- Metric versioning with full change history
- Standardized LLM-judge metric templates
- AI-generated run summaries (beta)
- Project-scoped Human Review pages
Metrics now keep a version history, so you can see how a metric changed over time and review prior versions.
Each metric keeps a record of its prior states, newest first. You can review the history in the app or pull it through the v1 API.View in docs ↗
A library of ready-made LLM judge metric templates is now available when you create a metric, and the metric gallery is reorganized into clearer categories.
Pick a standardized judge prompt as a starting point instead of writing one from scratch.
Runs now include an AI-generated summary of what happened, available in beta. Mark a summary helpful or not to help it improve.
The summary renders with clean formatting and a thumbs up or down control. As a beta feature, it should improve over time as we tune it.
Human Review now has project-scoped pages, so you can open a project’s overview and assignments on their own pages and share a direct link to them.
Each project gets its own overview and assignments view with breadcrumbs, so you can navigate to and share specific review work without losing context.View in docs ↗
Coval now validates Pipecat, LiveKit, and WebSocket agent connections when you set them up, so configuration problems surface before you run.
You can now upload your own background sounds for simulations, so agents can be tested against the exact ambient conditions they will face in production.
Telephony call recordings in MP3 format now upload reliably, including low-sample-rate recordings that were previously rejected.
- New pitch variability metric
- New perceived loudness (LUFS) metric
A new metric that flags whether an agent sounds monotone or expressive across a call.
A new metric that measures perceived loudness across a call, so you can catch audio that is too quiet or too loud.
- Create and delete dashboards via the API and CLI
- Broader chat-agent connectivity with SSE streaming
- Per-conversation metadata in metric prompts
Create and delete dashboards programmatically through the API and CLI.
Manage dashboards as part of your own workflows and scripts, without setting each one up by hand in the app. Useful for spinning up consistent dashboards per project or per environment.View in docs ↗
Chat agents now support SSE streaming and a configurable response format.
Dynamic metrics can now reference per-conversation metadata directly in the prompt template.
When your organization is running evaluations beyond your concurrency limits, we will store your data but flag the evaluations as an error. This lets you rerun them later, once you are operating within your concurrency limits.
Metric descriptions auto-populate and the name auto-fills when you create a metric.

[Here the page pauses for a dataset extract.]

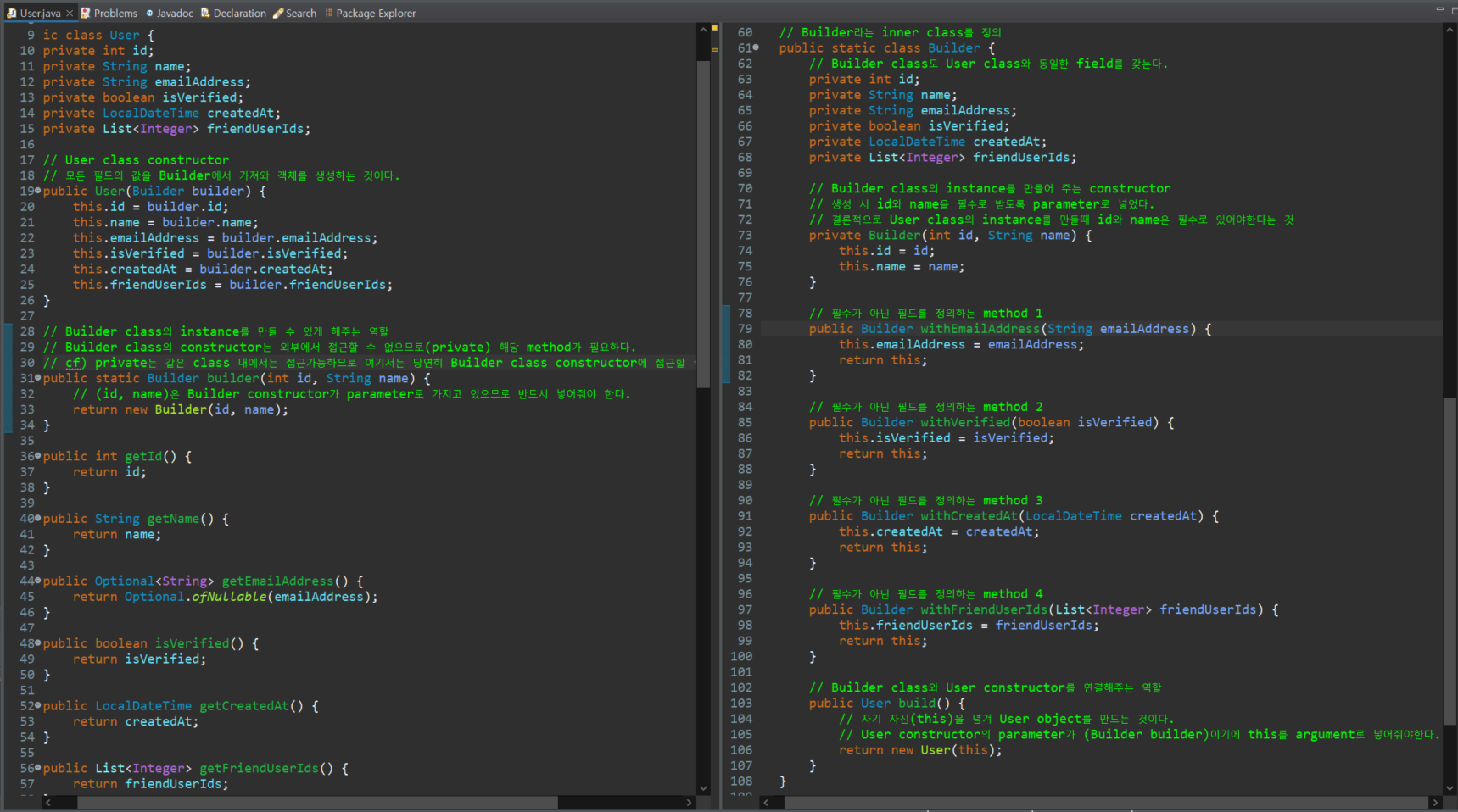 - Builder Pattern을 위해서는 User class안에 Builder 라는 'inner class'를 정의해야한다.

- More reliable categorical audio metrics
Categorical audio metrics now flag a clear, descriptive error when no categories are configured, so misconfigurations surface right away.
- Visual IVR Tree Builder
- IVR Flow Adherence metric
- Custom trace aggregations
- Tags for metrics, templates, and test sets
A built-in metric that checks whether a call follows the intended IVR navigation path, with no custom scoring logic required.

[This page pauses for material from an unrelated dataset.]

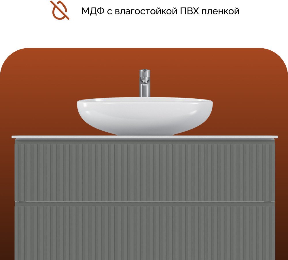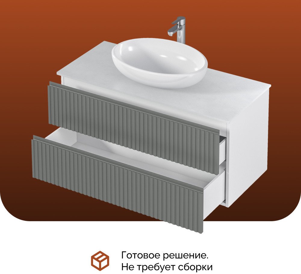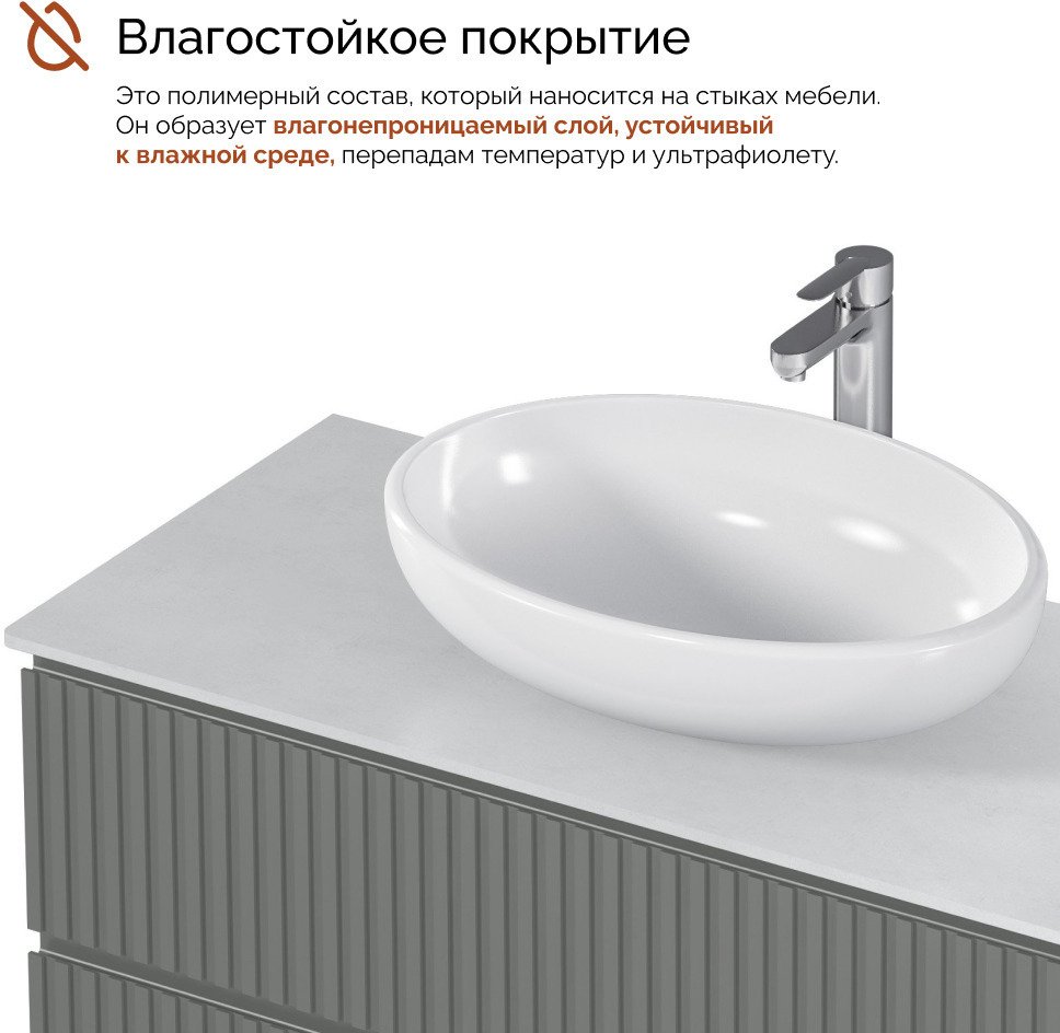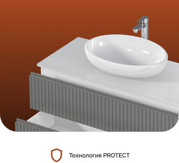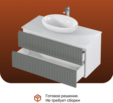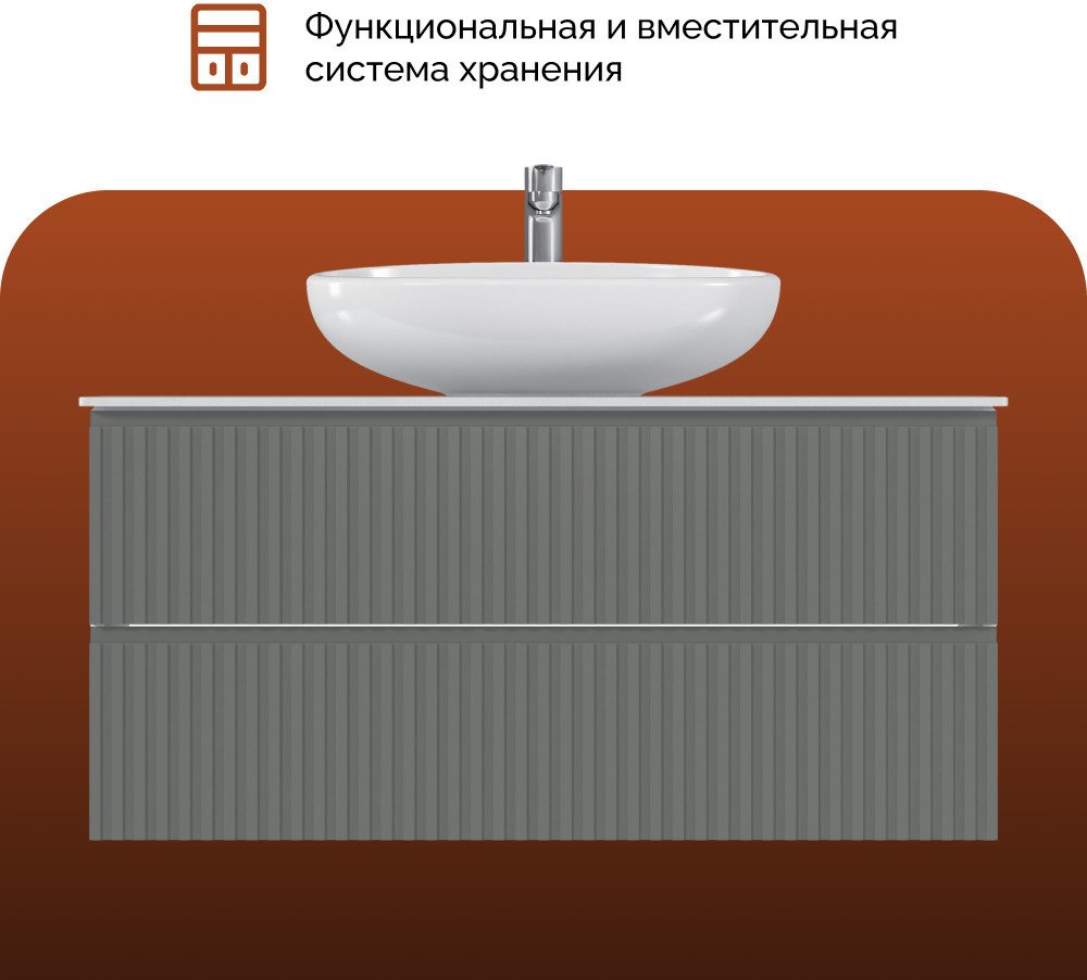 Изящные рифленые фасады, выполненные в духе последних трендов, придают тумбе особый шарм и изысканность. Столешница из керамогранита не только обеспечивает долговечность и устойчивость к влаге, но и добавляет изделию роскошный, премиальный вид.

The metric scores each call against the IVR path you define, so you can see where calls deviate from the intended route. Results are reported per call and roll up across the run.View in docs ↗
Define and simulate branching IVR call flows visually, directly in Coval.
Lay out the call paths a caller can take, then run simulations against the whole tree to see where agents take the wrong branch. No external diagramming or scripting needed.View in docs ↗
Choose how per-turn scores roll up across a multi-turn trace, for example worst-case or first-occurrence.
Apply custom tags to metrics, run templates, and test sets to organize and filter your library.
New voices are available in the persona picker, ready to use with no setup.
Custom sign-in now works across all configured authentication methods.
Password-protected shared runs now open reliably across different saved password formats.
- Faster, more reliable reports
- Easier metric selection
- More resilient metric scoring
Large reports that used to struggle to load now open reliably even at scale, thanks to a change in how we load them.
The metric picker now uses grouped, nested categories, so the right metric is faster to find and apply.
There is no longer a 1000-character limit on metadata for uploaded conversations.
Auto-generated metrics are now reliably tagged LLM Judge, so AI-scored and rule-based metrics are easy to tell apart.
Speech anomaly, volume variance, and audio sentiment metrics now scope to the channel and time range you configure.
Metrics now do a better job of handling a wider variety of metadata inputs.